● **AIM OF THE TASK**: The records that follow need to be printed exactly. Leave out each image.

● **DATASET RECORDS**:
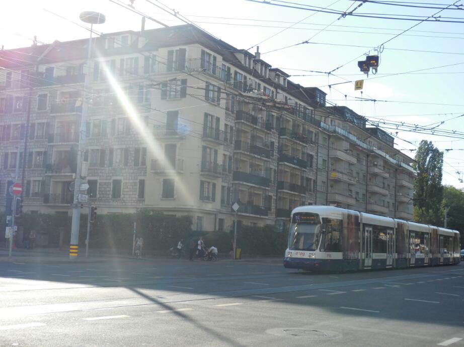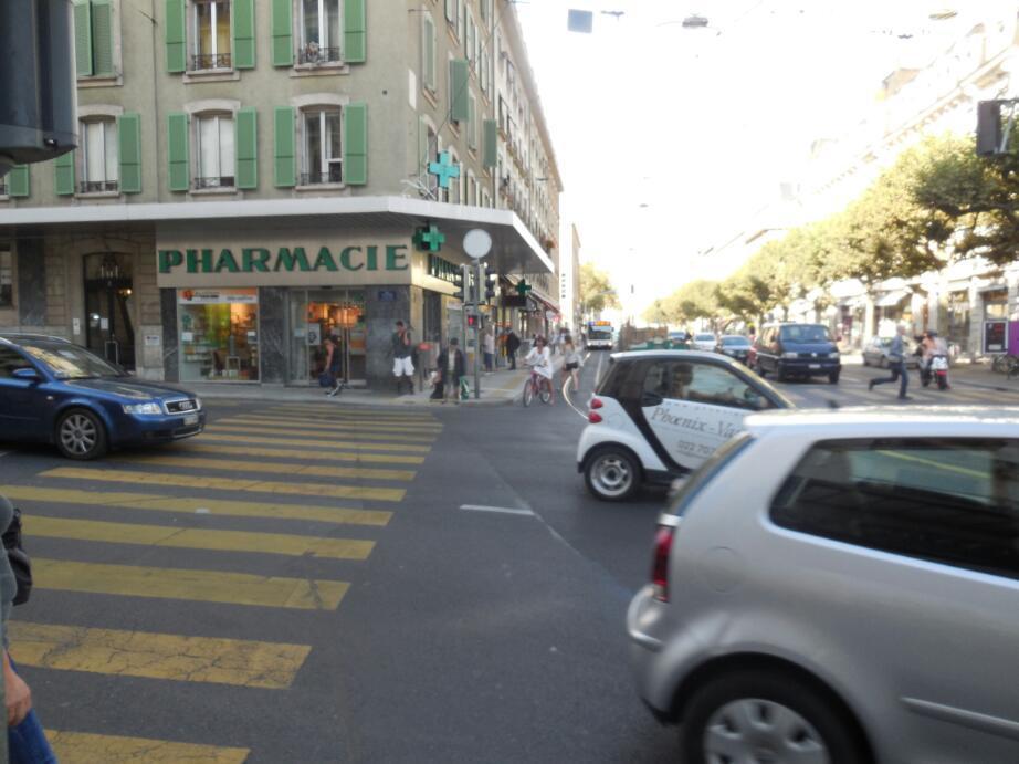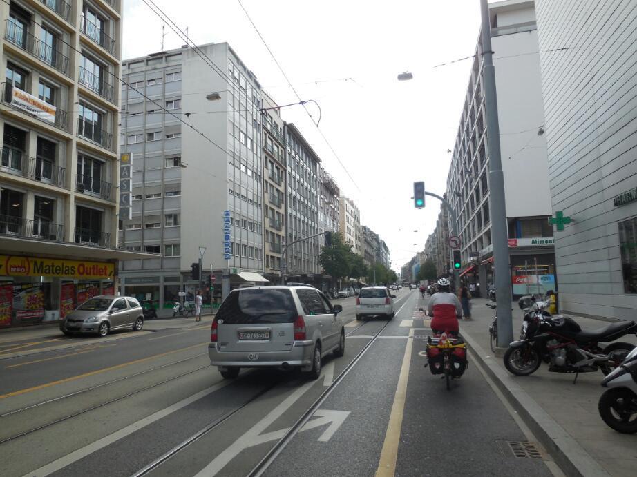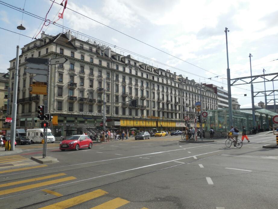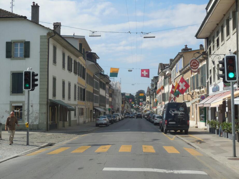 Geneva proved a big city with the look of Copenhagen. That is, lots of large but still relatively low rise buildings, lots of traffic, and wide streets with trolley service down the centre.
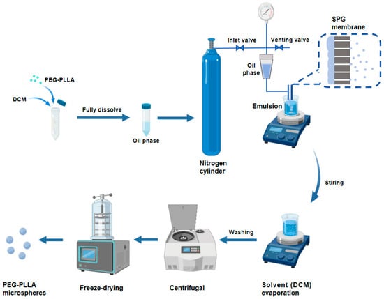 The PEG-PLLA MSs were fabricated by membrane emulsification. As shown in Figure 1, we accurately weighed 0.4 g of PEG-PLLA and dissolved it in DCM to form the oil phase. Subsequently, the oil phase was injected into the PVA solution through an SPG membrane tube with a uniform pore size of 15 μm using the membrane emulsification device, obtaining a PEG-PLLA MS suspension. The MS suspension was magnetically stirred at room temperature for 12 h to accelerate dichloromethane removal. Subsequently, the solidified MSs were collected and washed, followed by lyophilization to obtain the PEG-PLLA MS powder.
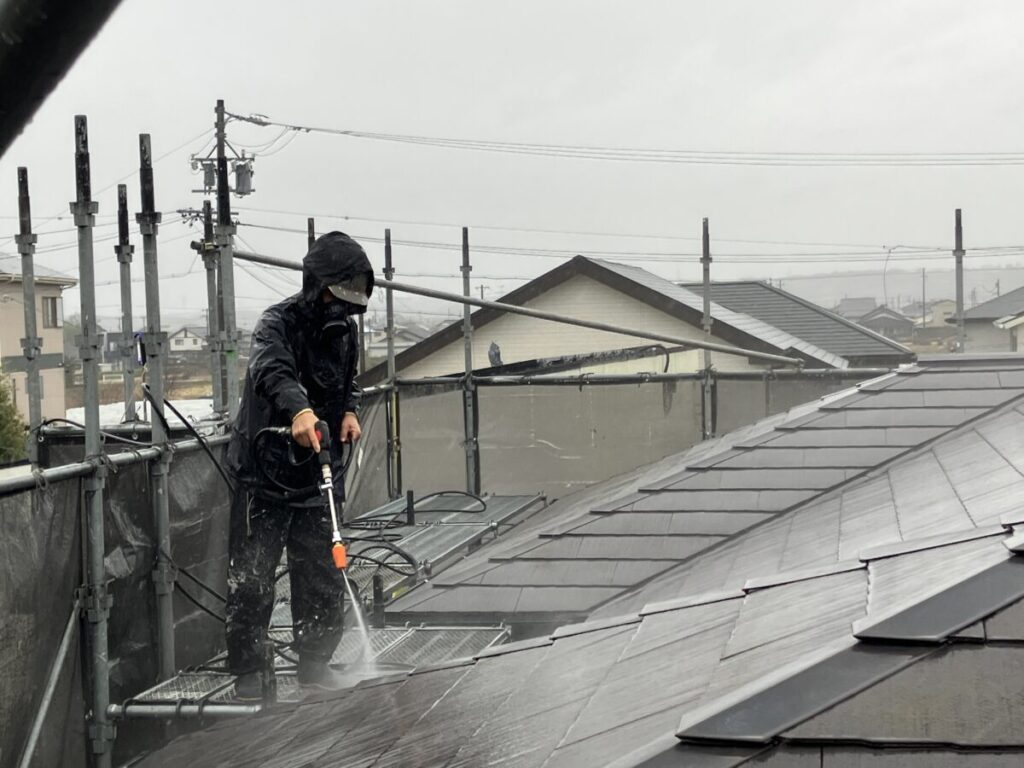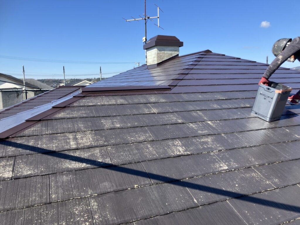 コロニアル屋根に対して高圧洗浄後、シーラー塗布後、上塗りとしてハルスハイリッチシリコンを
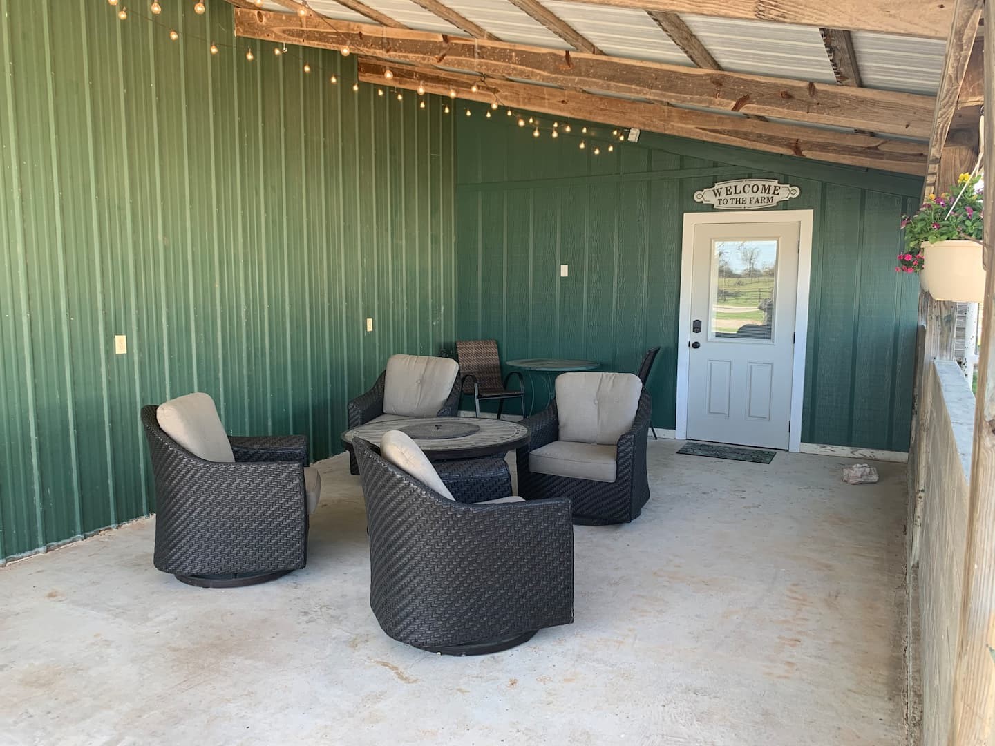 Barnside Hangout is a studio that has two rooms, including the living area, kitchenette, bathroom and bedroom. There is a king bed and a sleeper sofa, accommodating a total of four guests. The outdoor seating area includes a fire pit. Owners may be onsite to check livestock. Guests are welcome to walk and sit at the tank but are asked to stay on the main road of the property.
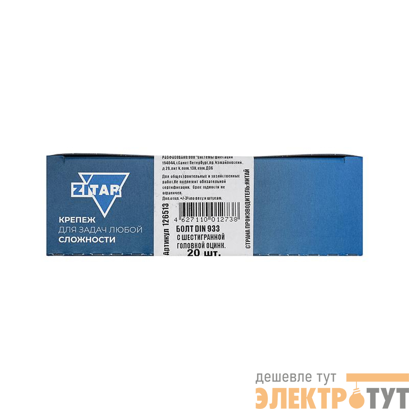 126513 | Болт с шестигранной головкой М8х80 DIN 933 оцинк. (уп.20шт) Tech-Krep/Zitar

● **SOLUTION FOR THIS EXERCISE**:
 Geneva proved a big city with the look of Copenhagen. That is, lots of large but still relatively low rise buildings, lots of traffic, and wide streets with trolley service down the centre.
 The PEG-PLLA MSs were fabricated by membrane emulsification. As shown in Figure 1, we accurately weighed 0.4 g of PEG-PLLA and dissolved it in DCM to form the oil phase. Subsequently, the oil phase was injected into the PVA solution through an SPG membrane tube with a uniform pore size of 15 μm using the membrane emulsification device, obtaining a PEG-PLLA MS suspension. The MS suspension was magnetically stirred at room temperature for 12 h to accelerate dichloromethane removal. Subsequently, the solidified MSs were collected and washed, followed by lyophilization to obtain the PEG-PLLA MS powder.
 コロニアル屋根に対して高圧洗浄後、シーラー塗布後、上塗りとしてハルスハイリッチシリコンを
 Barnside Hangout is a studio that has two rooms, including the living area, kitchenette, bathroom and bedroom. There is a king bed and a sleeper sofa, accommodating a total of four guests. The outdoor seating area includes a fire pit. Owners may be onsite to check livestock. Guests are welcome to walk and sit at the tank but are asked to stay on the main road of the property.
 126513 | Болт с шестигранной головкой М8х80 DIN 933 оцинк. (уп.20шт) Tech-Krep/Zitar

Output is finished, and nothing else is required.